### EXERCISE DATA:
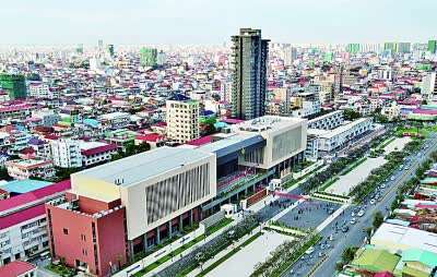 柬埔寨国防部办公楼项目2021年12月29日正式交接投入使用,项目由中国铁建旗下的中铁城建集团承建。照片显示的是位于首都金边主街道俄罗斯大道的国防部办公楼。新华社发
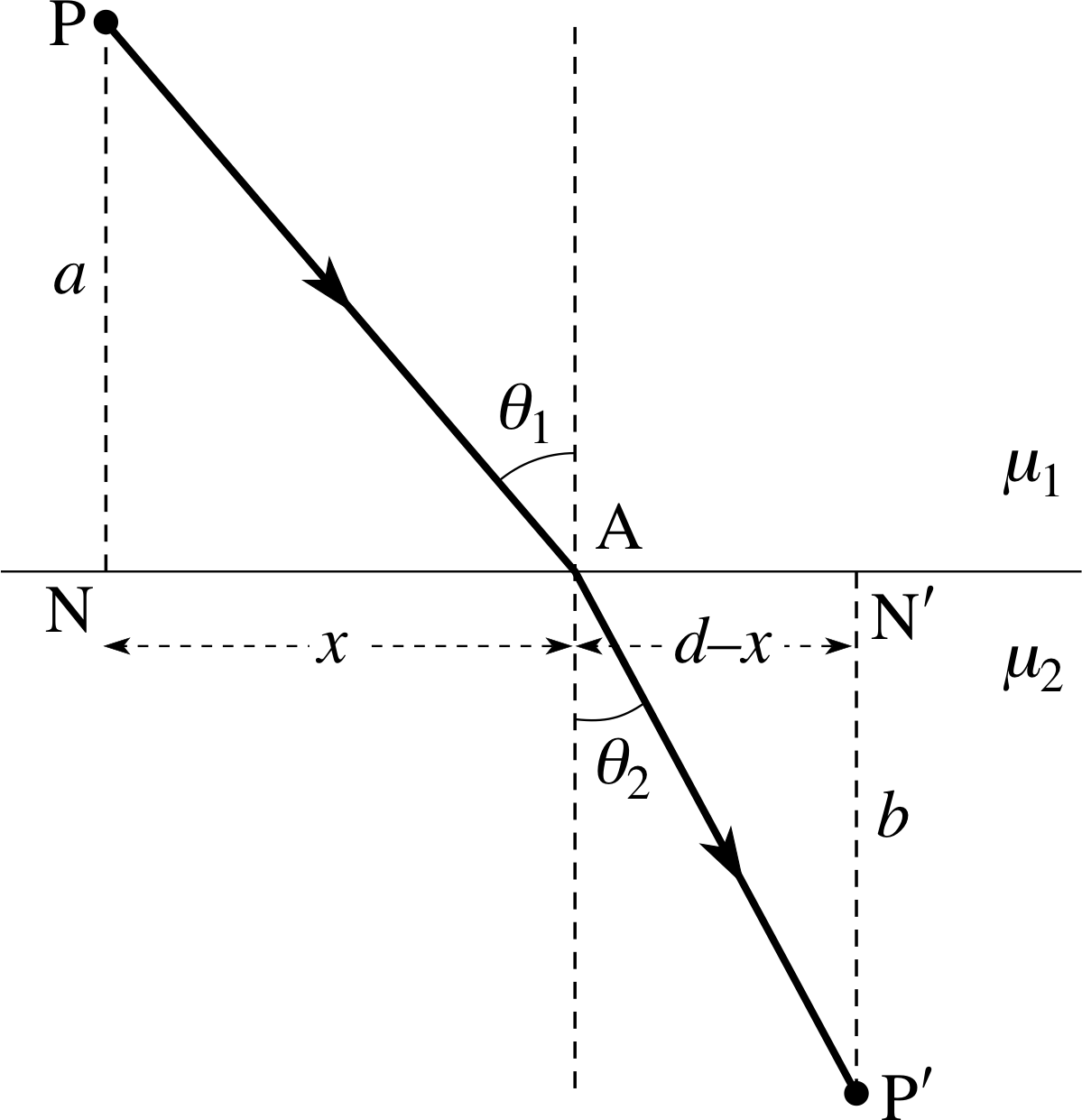 Thus, as claimed earlier, the law of refraction is a consequence of Fermat’s principle. i This is precisely what we expect – Fermat’s principle has given us Snell’s law of refraction. Any closely similar path from P to P′ would take a longer time than the actual path.
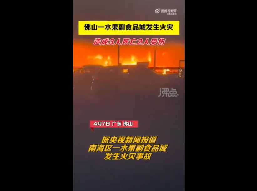 2022年4月7日凌晨1時許,廣東省佛山市南海區獅山鎮羅村華南水果副食品城發生火災事故。事故共造成3人死亡,2人受傷。

### EXERCISE INSTRUCTIONS:
Word for word, give the data above again, without any images.

### TASK ANSWER:
 柬埔寨国防部办公楼项目2021年12月29日正式交接投入使用,项目由中国铁建旗下的中铁城建集团承建。照片显示的是位于首都金边主街道俄罗斯大道的国防部办公楼。新华社发
 Thus, as claimed earlier, the law of refraction is a consequence of Fermat’s principle. i This is precisely what we expect – Fermat’s principle has given us Snell’s law of refraction. Any closely similar path from P to P′ would take a longer time than the actual path.
 2022年4月7日凌晨1時許,廣東省佛山市南海區獅山鎮羅村華南水果副食品城發生火災事故。事故共造成3人死亡,2人受傷。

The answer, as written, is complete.